Elle jeta un regard à Jon Orley.
« Je supporterai leur colère. »
Emma croisa les mains derrière son dos dans une posture martiale, une attitude qu'elle avait probablement apprise de son maître d'armes, les pieds fermement plantés.
Un rire grave et rauque traversa le cercle. Il venait de Mère Urddha, qui posa un regard admiratif, doré et vert, sur la jeune noble.
« Voilà qui est inattendu ! Ma chère, la petite Eanor dit vrai. Si tu renonces à ta Maison, tous les privilèges et protections sacrées accordés à la noblesse de ces terres te seront retirés. Tu seras à la merci de tous les esprits et maléfices. En l'état, tu as au moins la certitude de connaître ton sort. Ce n'est pas une chose à rejeter à la légère. »

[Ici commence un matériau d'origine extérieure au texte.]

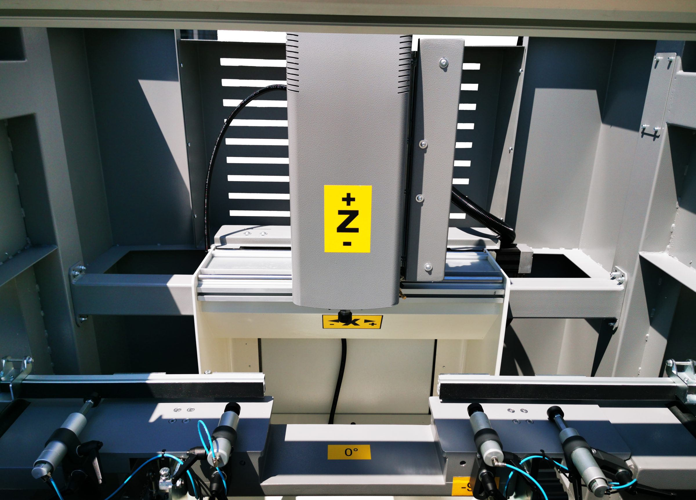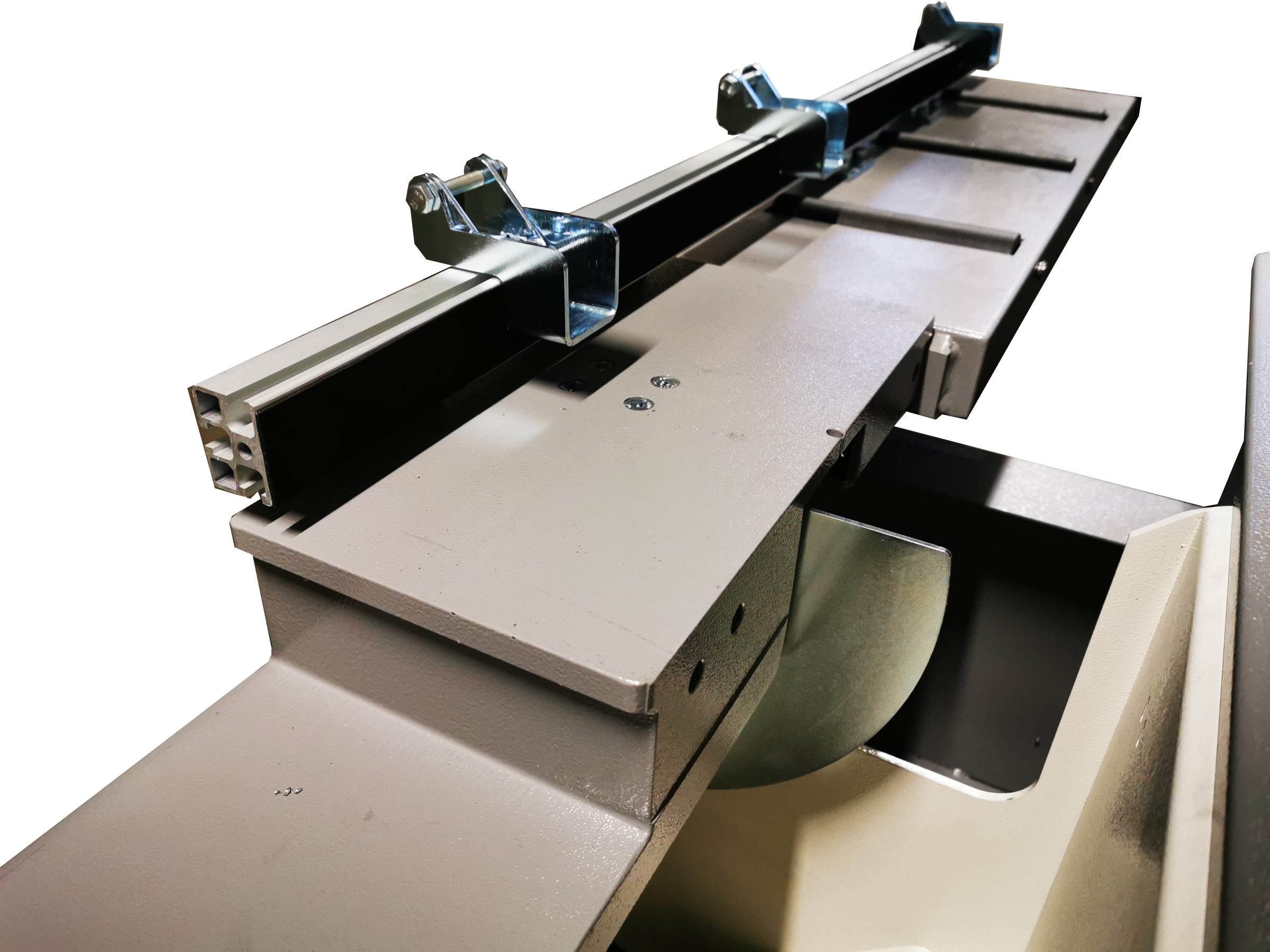 Jedinica dolazi s 4 pneumatske stezaljke za učvršćivanje materijala, lijevim i desnim potpornim stolom od 1 m opremljenim s 3 referentna graničnika svaki. Korekcija promjera alata kompenzirana softverom.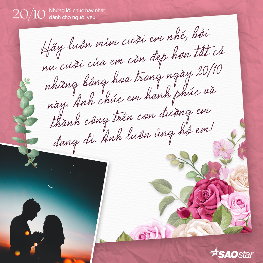 - Hãy luôn mỉm cười em nhé, bởi nụ cười của em còn đẹp hơn tất cả những bông hoa trong ngày 20/10 này. Anh chúc em hạnh phúc và thành công trên con đường em đang đi. Anh luôn ủng hộ em!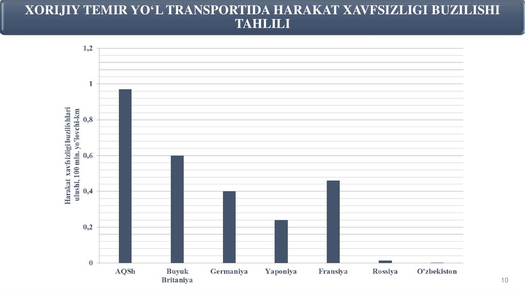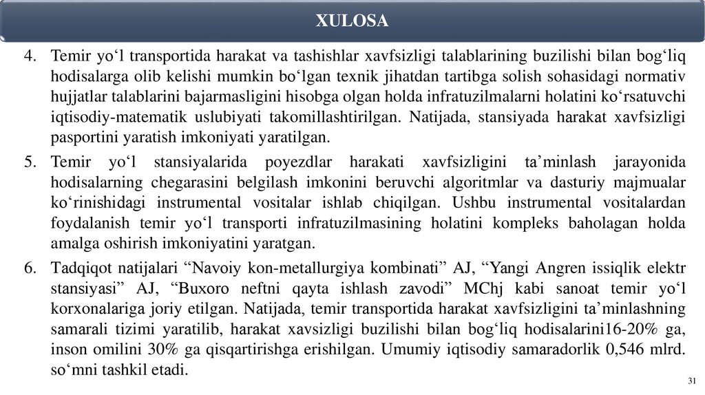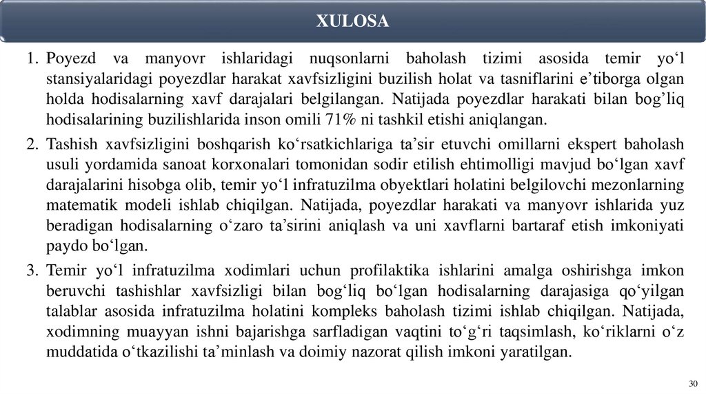 XULOSA4. Temir yо‘l transportida harakat va tashishlar xavfsizligi talablarining buzilishi bilan bog‘liq

Je ne dis rien. J'étais trop occupé à contempler Emma avec stupéfaction, mais elle ne me prêtait aucune attention.
La déesse laissa ses mots résonner avant de poursuivre.
« Si tu fais cela... »
Elle haussa les épaules.
« Tu seras à la dérive sur des mers tumultueuses, qui ne te montreront aucune pitié. Et tu ne seras pas débarrassée de ton Art du Sang — cela fait partie de toi pour toujours, et de nombreux loups te trouveront un festin alléchant. Il y a pire que les démons dans ce monde, et ils ont toujours faim. Ton protecteur le sait bien. »
Elle me jeta un regard. Emma aussi, mais cette fois, j'évitai son regard.
« Il faut aussi mentionner, » gronda Kaharn, « que si tu romps ce serment, ce pacte, et que tu tentes de revendiquer tes titres à nouveau, ou de transmettre ton sang et ta magie, tu subiras de terribles conséquences. Tu ne posséderas aucune terre et ne prendras aucun époux. »
Emma hocha lentement la tête.
« Je comprends. Malgré tout, je le jure. Je le jure solennellement. »
« Emma... »
Je ne savais quoi dire.
« Es-tu sûre ? Comprends-tu ce à quoi tu renonces ? »
« Rien qui n'ait été qu'un fardeau, » répondit Emma, bien qu'elle eût l'air nostalgique.
Pourtant, ce qu'elle venait de faire était stupéfiant.
Elle n'avait pas seulement renoncé à des titres et privilèges, à sa place dans l'aristocratie, mais aussi aux magies qui protégeaient la noblesse des forces surnaturelles, leur permettant de régner sur des domaines infestés d'êtres surnaturels. Ouvrir et fermer les portes de son château n'était qu'un tour de passe-passe, certes, mais cela allait de pair avec des bienfaits bien plus significatifs.
Avec la magie de sa famille encore en elle, toutes sortes d'esprits, souvent prédateurs, seraient attirés pour se nourrir de ce pouvoir. Elle n'aurait aucune autorité pour les repousser, aucune protection certaine.
Ce serait comme si je conservais en moi le feu doré qui attirait les esprits ténébreux, mais sans aucun pouvoir surnaturel ou art sacré pour les tenir à distance. Je ne serais qu'un repas ambulant.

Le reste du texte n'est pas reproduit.